Checolinski, 34, a full-time mom from Fond Du Lac, Wisc., met Boelhower in 2008 when they worked at an airport together.
“I feel like the lucky one. I’m so grateful Erin allowed me to be her surrogate," she said.
As soon as Boelhower married her husband Matthew, a corrections officer and former Marine, in October 2012, the couple began trying for children.
After a year with no positive pregnancy test, Boelhower discovered that her left fallopian tube was infected and needed to be removed, making it very difficult for her to conceive naturally.
“I was in the shower one day, praying for her, and suddenly the answer came. I could be her surrogate.”
After surgery, she was diagnosed with polycystic ovarian syndrome (PCOS) and hypothyroidism.
The couple then began intrauterine insemination (IUI), a fertility treatment where sperm is placed inside a woman’s uterus.
“This would be the beginning of our hundreds of injections," Boelhower said. “I was terrified of needles. When we first started these treatments, I would go to Matt’s work every night for him to inject me with the hormones - that’s how scared of injections I was."
“Matt and I tried three IUIs with no luck.
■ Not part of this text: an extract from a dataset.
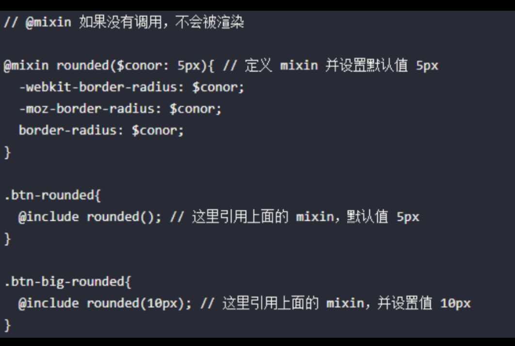 @mixin 定义一个类或方法,在其它地方通过 @include 引用这个方法或类。

None of them with even the slightest speck of that second line on a pregnancy test," she said.
In November 2014,the couple began their first cycle of IVF.
At Thanksgiving that year, Boelhower discovered she was pregnant for the first time.
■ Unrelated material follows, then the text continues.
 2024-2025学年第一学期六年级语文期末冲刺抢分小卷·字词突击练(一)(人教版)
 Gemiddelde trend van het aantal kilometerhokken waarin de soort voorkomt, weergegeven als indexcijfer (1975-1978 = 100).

THOUSANDS OF YOUNG US CHILDREN GET NO VACCINES: SURVEY
She learned that she had miscarried the baby on her 30th birthday, during her six-week scan.
“It’s heartbreaking. You do IVF and then it works. But you never think a miscarriage will happen to you," she said. “You are not only disappointed in yourself, but you feel bad because you are not giving your husband the baby he dreamed of, or your mother the grandchild she dreamed of.”
Checolinski, mom to Amarach, 13, Cillian, 5, and Teagan, 3, was beside her every step of the way.
After Boelhower's fourth miscarriage, Checolinski offered her the gift of a lifetime: she wanted to be her surrogate.
“I wrote on Instagram about how I was reaching my breaking point and she sent me a message," Boelhower said. “She said: ‘What if a friend is your surrogate?’ It was such a generous offer. I couldn’t get my head around it.”
Checolinski's own difficulties conceiving her second child with husband Dan, 34, a pilot, had convinced her that she should be a surrogate for Boelhower.
“I struggled for two years to conceive Cillian so I knew the pain of wanting something really badly and not being able to fulfill that dream," she said. “I had been there through all of Erin’s infertility treatments, I cried with her when she lost each one of her babies. I would say to her: ‘I wish there’s something I could do.’"
“I was in the shower one day, praying for her, and suddenly the answer came," Checolinski said. "I could be her surrogate.”
It was only when Boelhower suffered her sixth miscarriage in June 2017 that she accepted Checolinski’s offer.
The Boelhowers raised $40,000 to cover the costs of the surrogacy agency, fertility clinic, legal fees, and Checolinski's medical bills.
In January 2018, Checolinski took a pregnancy test and discovered she was pregnant with Boelhower’s baby.
“I knew I was carrying and having a baby that wasn’t mine," she said. “I was most excited about seeing my best friend become a mom and holding the baby she had always wanted.”
On September 19, Checolinski gave birth to Scottie, who weighed 6 pounds, 8 ounces, at Aurora Health Centre in Oshkosh, Wisc.
“What made it even more special was that Scottie was born on my late father Scott’s birthday. He passed away from stomach cancer in 2015," Boelhower said. “It was very hard for me to watch Rachel screaming in pain during the labor and knowing it was all for me."
“Rachel is one of Scottie’s godmothers," she said. "She is pumping for Scottie now so that she grows up on breast milk. I want Scottie to know how big a role Rachel has played in her life. It’s an unbreakable bond.”